Recovery from spinal cord injury can take a long time, and sometimes even a lifetime. The duration of the recovery period will depend on the extent of tissue damage, as well as the general condition of the body. A well-chosen rehabilitation plan allows you to restore maximum neuromotor functions and return a person to a full life. At the Yusupov Hospital, a spinal injury rehabilitation plan is drawn up individually, which makes it possible to obtain the best treatment results.

Causes

Spinal cord damage can be caused by congenital anomalies, various diseases and injuries of the spine. The latter include fractures, bruises, compression, dislocations, and concussions, accompanied by varying degrees of damage to tissue integrity. Injuries can occur as a result of a car accident, a fall, or receiving a perpendicular blow to the back (bullet wound, knife wound, blunt trauma).

The most dangerous is a rupture of the spinal cord. It is subject to long-term treatment and restoration of impaired functions.

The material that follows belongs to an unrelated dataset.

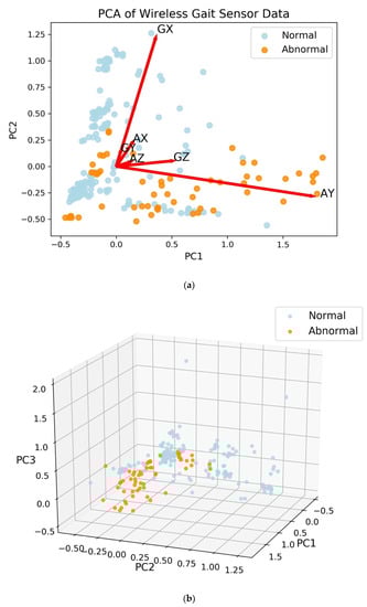 The first two principal components (PCs) from PCA were able to describe approximately 83% of the variance of the data. The largest loading for the first principal component is 0.94 for AY, which is the linear acceleration on the y-axis (i.e., the acceleration along patient’s forward movement direction during the DGI tests), with the next largest loading equal to 0.26 for GZ, the z-axis angular velocity (i.e., the angular velocity along the azimuth axis) [12]. The second principal component has the largest loading of 0.95 for GX, the x-axis angular velocity. The third principal component has most of the weight on the x-axis acceleration (AX) with a loading of 0.74, while the y- and z-axis angular velocities (GY and GZ) have loadings of 0.46 and 0.39, respectively. With three PCs, 94% of the variance of the data is explained. The projection onto two-dimensional space is shown with loading vectors in Figure 2a. With three PCs, abnormal gaits are separated from normal gaits (Figure 2b).

However, you must be prepared for the fact that with such an injury it is very difficult to fully recover, and in some cases, resuming the work of some organs and systems is not possible. In such a situation, psychologists at the Yusupov Hospital help the patient adapt to new living conditions.

Mortality

The highest risk of mortality occurs during the first year after injury and remains high compared with the general population. People with spinal cord injury are 2 to 5 times more likely to die early.

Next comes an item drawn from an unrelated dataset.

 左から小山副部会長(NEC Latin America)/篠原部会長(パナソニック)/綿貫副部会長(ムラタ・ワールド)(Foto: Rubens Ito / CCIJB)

The risk of mortality increases with the level and severity of injury and is largely determined by the availability of timely and high-quality medical care. Factors such as the method of transport to hospital after injury and the time elapsed before admission to hospital are also important.

Secondary conditions that can be prevented (for example, infections from untreated pressure ulcers) are no longer considered the leading causes of death in people with spinal cord injury in high-income countries, but these conditions still remain the leading causes of death in people with spinal cord injury , in low-income countries.

Symptoms

Signs of a spinal cord injury usually appear immediately and do not raise doubts when making a diagnosis. When the spinal cord is damaged, the following symptoms occur:

  • Impaired consciousness (disorientation, loss of consciousness, coma);
  • Pain in the area of ​​injury;
  • Headache;
  • Vomit;
  • Double vision;
  • Breathing disorders;
  • Confusion of speech;
  • Numbness of areas of the body below the affected area;
  • Paralysis;
  • Incontinence of feces and urine.

The most dangerous is considered to be damage to the spinal cord in the cervical region, since in this case there is a risk of developing paralysis of the entire body. With this injury, brain function is disrupted and breathing may stop.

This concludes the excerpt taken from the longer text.